EXERCISE OBJECTIVE
Carry none of the pictures over; write out the complete data exactly.

DATA EXCERPT
[Start of section]

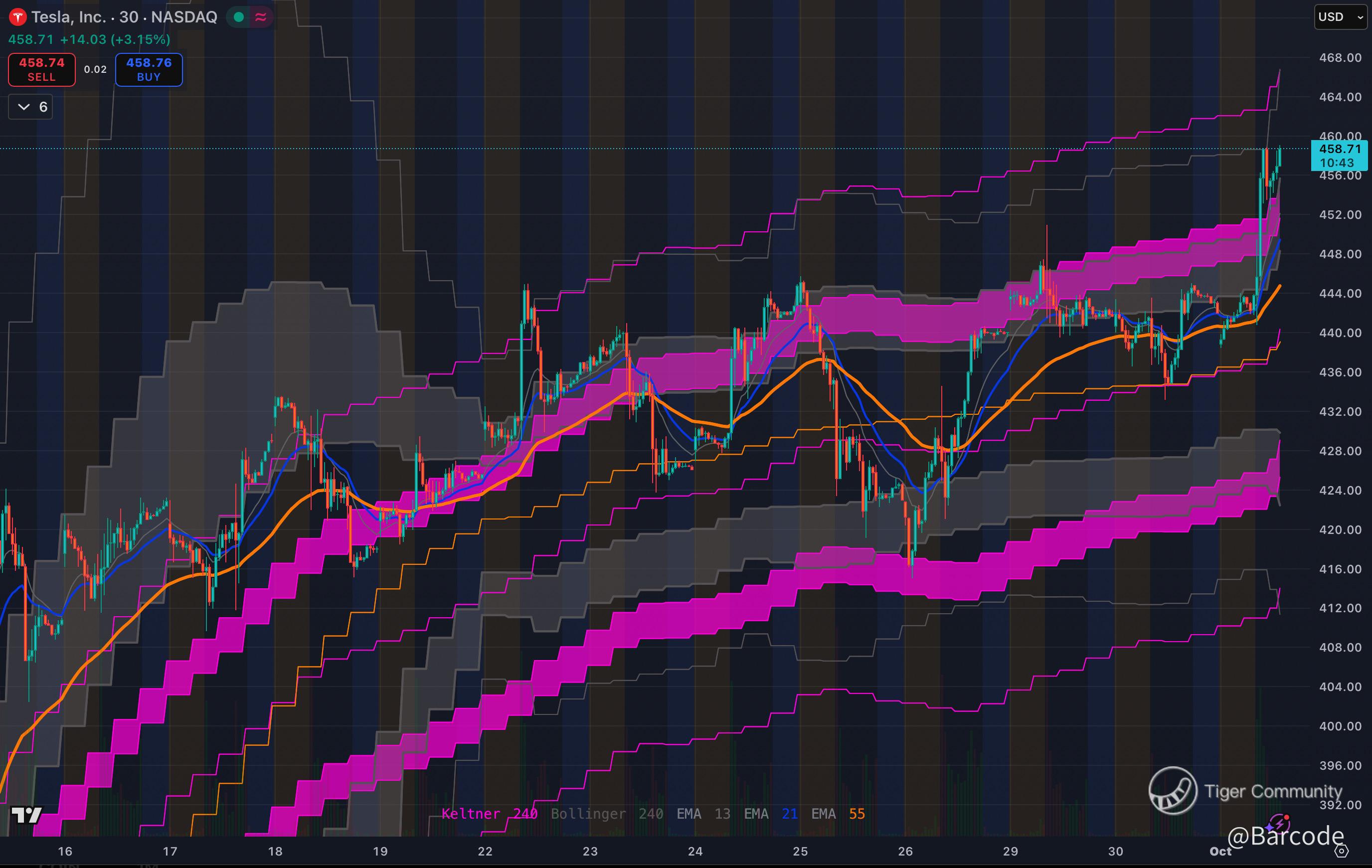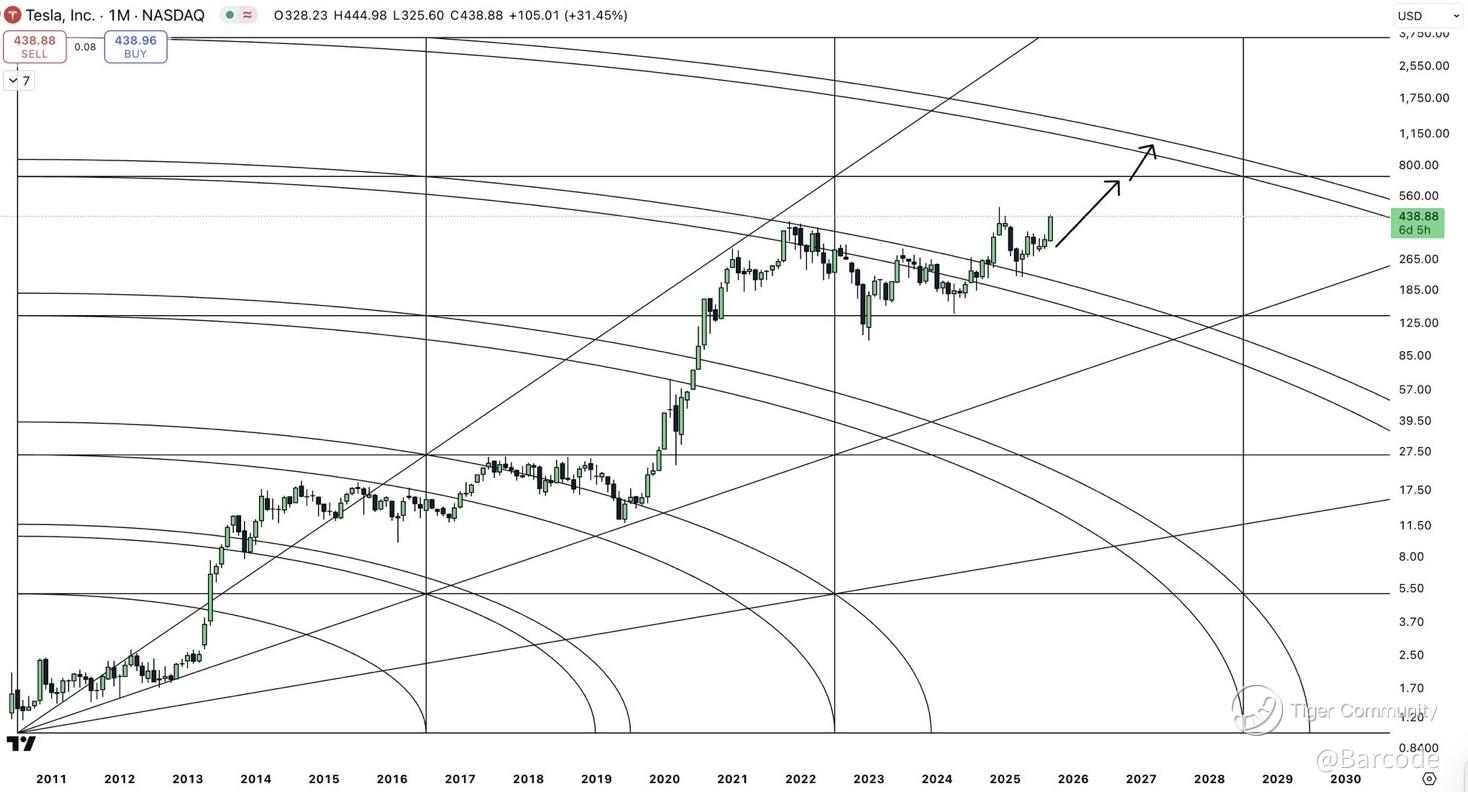 Tesla broke above $450 with conviction. On Gann arcs, price has cleared the consolidation band; geometry projects acceleration toward $700–$1,000. $458–$460 is now the short-term pivot, supported by stacked EMAs and widening Keltner/Bollinger bands.
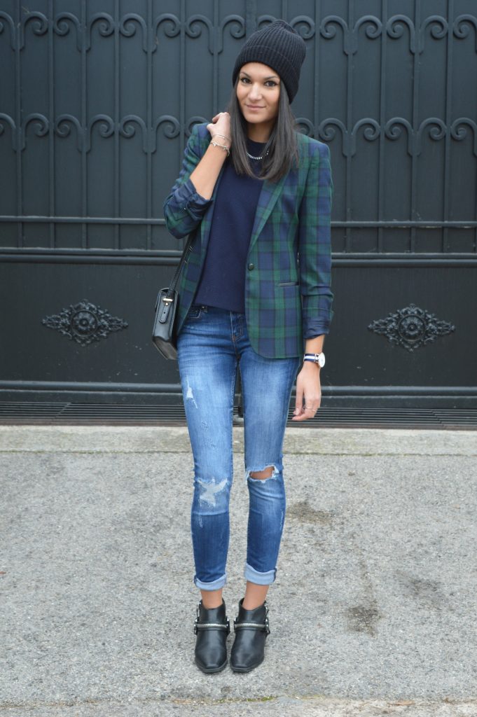 Il y a des pièces comme ce blazer imprimé tartan, que l’on est obligée de porter de façon décalée, sinon gare au fashion faux pas ! En l’occurrence, cet imprimé peut très vite avoir un effet mémérisant et nous faire tomber dans le classique. Voila pourquoi j’ai décidé de le porter en mode cool, avec un jean destroy et un bonnet en laine.
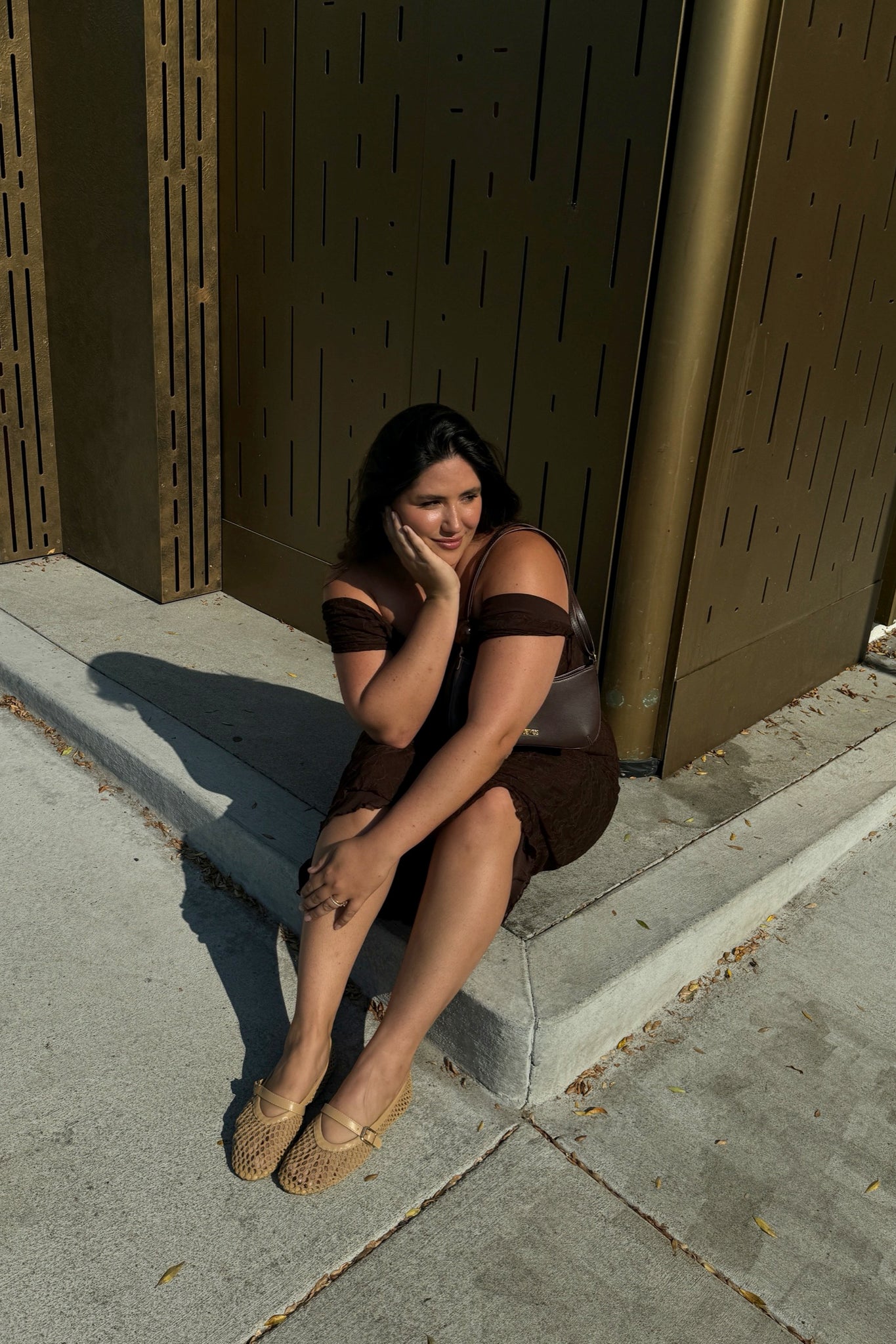Mary jane flats featuring a crochet knit upper with vegan leather straps and trim.

[End of section]

ANSWER BOX
 Tesla broke above $450 with conviction. On Gann arcs, price has cleared the consolidation band; geometry projects acceleration toward $700–$1,000. $458–$460 is now the short-term pivot, supported by stacked EMAs and widening Keltner/Bollinger bands.
 Il y a des pièces comme ce blazer imprimé tartan, que l’on est obligée de porter de façon décalée, sinon gare au fashion faux pas ! En l’occurrence, cet imprimé peut très vite avoir un effet mémérisant et nous faire tomber dans le classique. Voila pourquoi j’ai décidé de le porter en mode cool, avec un jean destroy et un bonnet en laine.
Mary jane flats featuring a crochet knit upper with vegan leather straps and trim.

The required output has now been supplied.